The great thing about Budburst is that all tastes are included in your $50 entry fee. This means you can try all kinds of things and get some new favourites. Egmont Street Eatery is doing the catering, but I strongly advise making sure you have a solid meal beforehand, and don’t be afraid to tip out wines you don’t like. I mean, don’t be a jerk about it, but wine makers know that not everything is to everyone’s tastes, and that you might want to be sensible with your tastings.
Here’s their video from 2016 so you can get a feel for things.
Now remember how I said we have a giveaway? I asked Budburst if we could give away some tickets, and they very kindly gave me a double pass worth $100 to give away. We’ll keep it pretty simple – all you gotta do is be over 18, of course, and leave us a comment saying what your favourite wine is, and why. Get your comment in by 5pm Wednesday September 26.
I like Kim Crawford’s sav. I got to share a glass with former MP Sonja Davies after she appeared in a film I helped make. The wine was her favourite and sharing it with her is one of the best memories Ive got.
My favourite wine is usually whatever I’m drinking at the time. There are some exceptions, of course. I’m not an idiot. But if it’s not revolting I can usually find something about it to appreciate.
I’m not fussy but do love the Carrick Bannockburn Pinot Gris…
Yealands’ sav, as well as just about anything Spy Valley.
Cambridge Road Rose from Martinborough. So deliciously natural and complex!
Picking a favourite is impossible, but loving the number of NZ wineries producing high quality, super food friendly pet Nats. Black Estate’s netherworld pet Nat is a perfect example – complex and, most importantly, delicious.
Pyramid hill pinots and Chardonnays are stunning
Cloudy Bay chardonnay. Their savignon blanc is good but overpriced and there are much better Marlborough savs around, but their chardonnay is up there with the best but it’s at a cheaper price. Lots of complexity and it holds up to being well-chilled, which is how I like my chardonnays.
I know it’s cliche but can’t go past Oyster Bay Sauvignon Blanc – always delicious!
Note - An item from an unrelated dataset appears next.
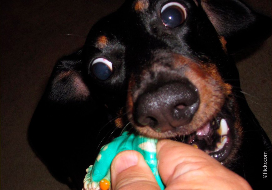 - Неправильное поведение хозяина во время игры с собакой или в процессе ее дрессировки. При взаимодействии с собакой нужно использовать игрушки или специальные предметы, но не свои руки или ноги. Кроме того, в процессе игры нужно стараться не провоцировать питомца на то, чтобы он вас кусал. Если вы видите, что ваша собака прижала к голове уши, начала показывать свой оскал – это значит, что все происходящее вокруг она уже не воспринимает, как игру и начинает агрессивно вас атаковать. В таком случае требуется немедленно прекратить игру или обучение и выйти из контакта с животным.

Supernatural Sauvignon Blanc from Hawke’s Bay 😁
I’m loving Pinot Noir at the moment, so I’m into any any organic Pinot Noir. If I had to choose a ffavourite at the moment it might be RICHMOND PLAINS PINOT NOIR 2016.
Ma te wa,
2016 MA’D Tokaj Furmint. Am enjoying trying dry natural wines at the moment … This is the latest great buy on the list : )
I’m a seasonal drinker so red in winter and bubbles and rosé in summer 🙂 always look for Alan Scott merlot on special and a Villa Marie rosé is a good safe buy for new groups. But for a guaranteed good time – Deutz rosé bubbles!
Lammershoek LAM Pinotage 2013 ( Swartland, South Africa).
Fresh, pure, unadulterated fermented grape juice; nothing added, nothing taken away. Organically farmed grapes, of course.
Food-friendly (fish, meat, vegetables, rice etc). You name it, nothing clashed with it.
Despite its ‘dangerously gluggable’ appeal (12.5% vol), it always held its own over a 3-day period, sometimes longer, in fact, it just kept on giving the longer it was open.
Excellent value (NZ$23 equivalent).
Made by a true visionary – Craig Hawkins – and it shows. Class act. Alas, I could only get my hands on a 6-pack and it’s now history, but the memories will live forever.